Попасть в клуб было непросто — казалось, весь город туда ринулся. Сама не знаю, как удалось протолкаться по лестнице наверх, но неожиданно для самой себя я, запыхавшись, оказалась стоящей в дверях зала, как в раме, — напротив стола президиума. Бёлль как раз выступал. Вдруг на полуслове он остановился и громко сказал сидящей за столом Аннемарии: “Посмотри-ка!” — и знаком позвал меня вперед.

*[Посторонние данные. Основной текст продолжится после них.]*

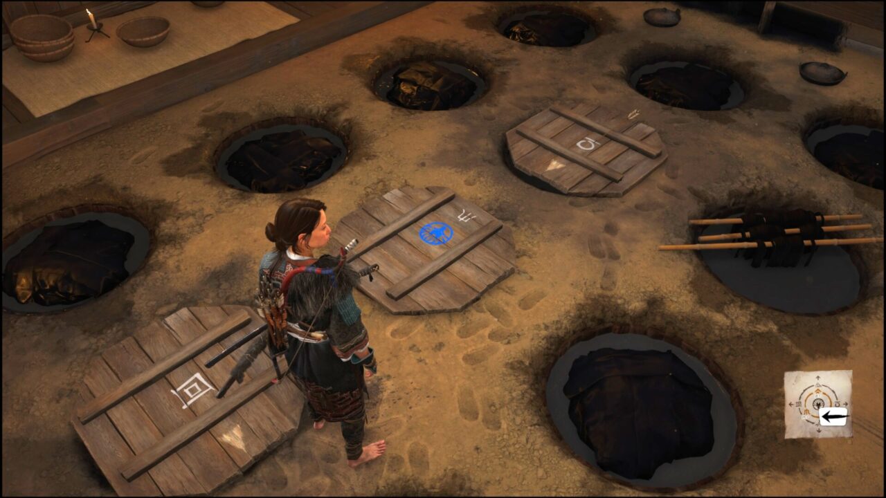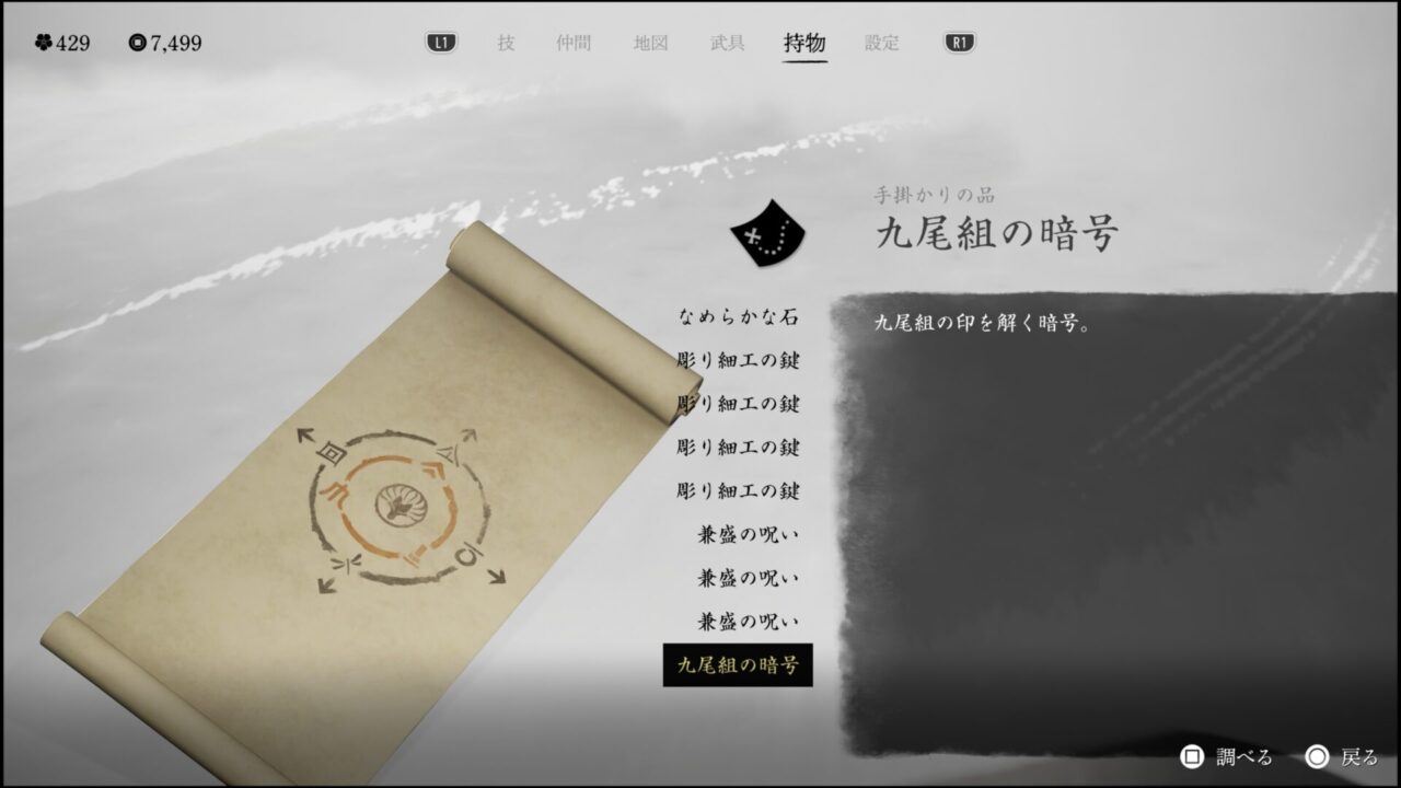 店の中が気になったので入ってみると、壁には九尾組のマークが付いている。床に掘られた穴には染色のためと思われる黒い液体が入っていたりしたが、木の蓋に暗号が描かれている。ぼくこれ解けますよ!やらせてください!

Довольно длинный путь к ресторану, где в честь высокого гостя предстоял банкет, мы проделали пешком — известно, что Бёлль был завзятым пешеходом. По его желанию я вышагивала рядом с ним — он никак не мог вволю понарасспрашиваться: как там в Москве, что с тем или этим, прежде всего с Бородачом (Копелевым). Хозяева косились на меня — я ведь отнимала у них часть внимания Бёлля. И уж открытую неприязнь к себе я почувствовала, когда Бёлль усадил меня за столом в ресторане рядом с собой. Я довольно скоро сослалась на усталость (тем более, что мне не предложили ни еды, ни даже питья) и, договорившись о встрече утром в гостинице, ушла… в ночь. В прямом смысле слова. Переводчика я по просьбе Бёлля отпустила еще в клубе (“Ушей и без него хватит”), города не знала, даже не очень уверена была, где находилось мое жилье — в Буде или Пеште. Время было довольно позднее, расспрашивать о дороге я могла только нечасто встречающихся пожилых горожан, которые знали немецкий — наследие Австро-Венгерской монархии (я вспомнила шутку Эдуарда Гольдштюккера: “Немецкий — эсперанто славянского мира”). В общем, первая ночь в Будапеште не обошлась без нелепых приключений.

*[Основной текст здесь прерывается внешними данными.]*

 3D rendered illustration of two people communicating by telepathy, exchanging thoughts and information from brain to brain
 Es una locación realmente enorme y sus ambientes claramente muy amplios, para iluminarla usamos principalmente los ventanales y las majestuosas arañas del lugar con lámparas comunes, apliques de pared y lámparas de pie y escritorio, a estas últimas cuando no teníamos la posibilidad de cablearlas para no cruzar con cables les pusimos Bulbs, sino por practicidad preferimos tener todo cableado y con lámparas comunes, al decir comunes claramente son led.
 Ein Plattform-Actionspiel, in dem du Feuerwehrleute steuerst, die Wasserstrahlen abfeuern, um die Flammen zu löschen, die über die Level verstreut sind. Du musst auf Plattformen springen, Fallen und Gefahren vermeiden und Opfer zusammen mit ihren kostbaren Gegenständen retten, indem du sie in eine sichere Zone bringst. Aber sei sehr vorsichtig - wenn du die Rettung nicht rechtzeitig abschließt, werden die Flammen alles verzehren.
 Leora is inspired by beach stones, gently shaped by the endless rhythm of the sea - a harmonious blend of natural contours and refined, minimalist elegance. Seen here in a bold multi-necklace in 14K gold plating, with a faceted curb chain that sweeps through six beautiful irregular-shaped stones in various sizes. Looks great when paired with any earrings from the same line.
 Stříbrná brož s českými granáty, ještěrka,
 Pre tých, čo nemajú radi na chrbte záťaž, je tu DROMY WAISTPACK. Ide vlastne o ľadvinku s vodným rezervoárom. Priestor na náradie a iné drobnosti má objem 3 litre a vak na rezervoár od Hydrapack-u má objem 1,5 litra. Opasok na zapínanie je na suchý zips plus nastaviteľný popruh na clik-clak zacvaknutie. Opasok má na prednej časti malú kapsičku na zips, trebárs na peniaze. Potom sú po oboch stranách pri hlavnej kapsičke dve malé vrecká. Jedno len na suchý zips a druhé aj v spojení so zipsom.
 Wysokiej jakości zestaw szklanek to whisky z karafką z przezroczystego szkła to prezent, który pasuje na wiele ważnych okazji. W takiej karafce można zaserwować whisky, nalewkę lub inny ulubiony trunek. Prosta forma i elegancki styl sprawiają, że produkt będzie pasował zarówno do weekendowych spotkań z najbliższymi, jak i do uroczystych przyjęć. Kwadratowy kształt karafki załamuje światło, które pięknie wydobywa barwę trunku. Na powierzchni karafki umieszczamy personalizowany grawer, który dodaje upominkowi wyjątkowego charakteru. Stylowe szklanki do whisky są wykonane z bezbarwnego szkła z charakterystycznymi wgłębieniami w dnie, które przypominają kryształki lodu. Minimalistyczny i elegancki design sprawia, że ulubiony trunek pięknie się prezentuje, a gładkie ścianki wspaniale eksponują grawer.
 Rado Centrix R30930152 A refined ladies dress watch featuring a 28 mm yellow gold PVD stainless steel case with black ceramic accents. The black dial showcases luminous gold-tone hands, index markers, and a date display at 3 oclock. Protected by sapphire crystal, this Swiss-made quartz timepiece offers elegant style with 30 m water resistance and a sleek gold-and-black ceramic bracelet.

Поскольку упомянутая бутылка коньяка и встреча в Будапеште запомнились и Бёллю (встречу эту вспоминала после его смерти и Аннемария, с которой мы довольно долго переписывались и даже виделись однажды под Кёльном в Лангенбройхе, при открытии после ремонта известного “Дома Генриха Бёлля” — пристанища для писателей-эмигрантов), я хочу их “задокументировать”, приведя перевод его письма.
29.VII.71
“Дорогая Гениа, после того, как роман выдержал свои три последние корректуры, напечатан и даже уже вышел в свет (неделю назад у него была премьера в Кёльне — это был безумный день с “party” и десятью интервью; я встретил там и Льва Безыменского), я берусь за письмо. Встретить Вас в Будапеште было большим и очень радостным сюрпризом! Жаль, что у нас было мало времени друг для друга, но поскольку встреча была непредвиденной, мы должны быть довольны, что все-таки имели столько времени друг для друга. Обратная дорога была чудесной: на корабле из Будапешта в Вену. С тех пор, как я открыл Ирландию (для себя), я больше не видел такого нетронутого потрясающего ландшафта. Полет же обратный был ужасен, Аннемарии было плохо, зато в Дюссельдорфе нас встретил младший сын и вечером того же дня мы были уже в Кёльне в своей квартире. Июнь был скверным: холодно, сыро, приходилось топить (!), мы схватили ревматизм и невралгии, было много работы (корреспонденция, договоры и т.д.), пока сияющий июль не наградил нас наконец солнцем.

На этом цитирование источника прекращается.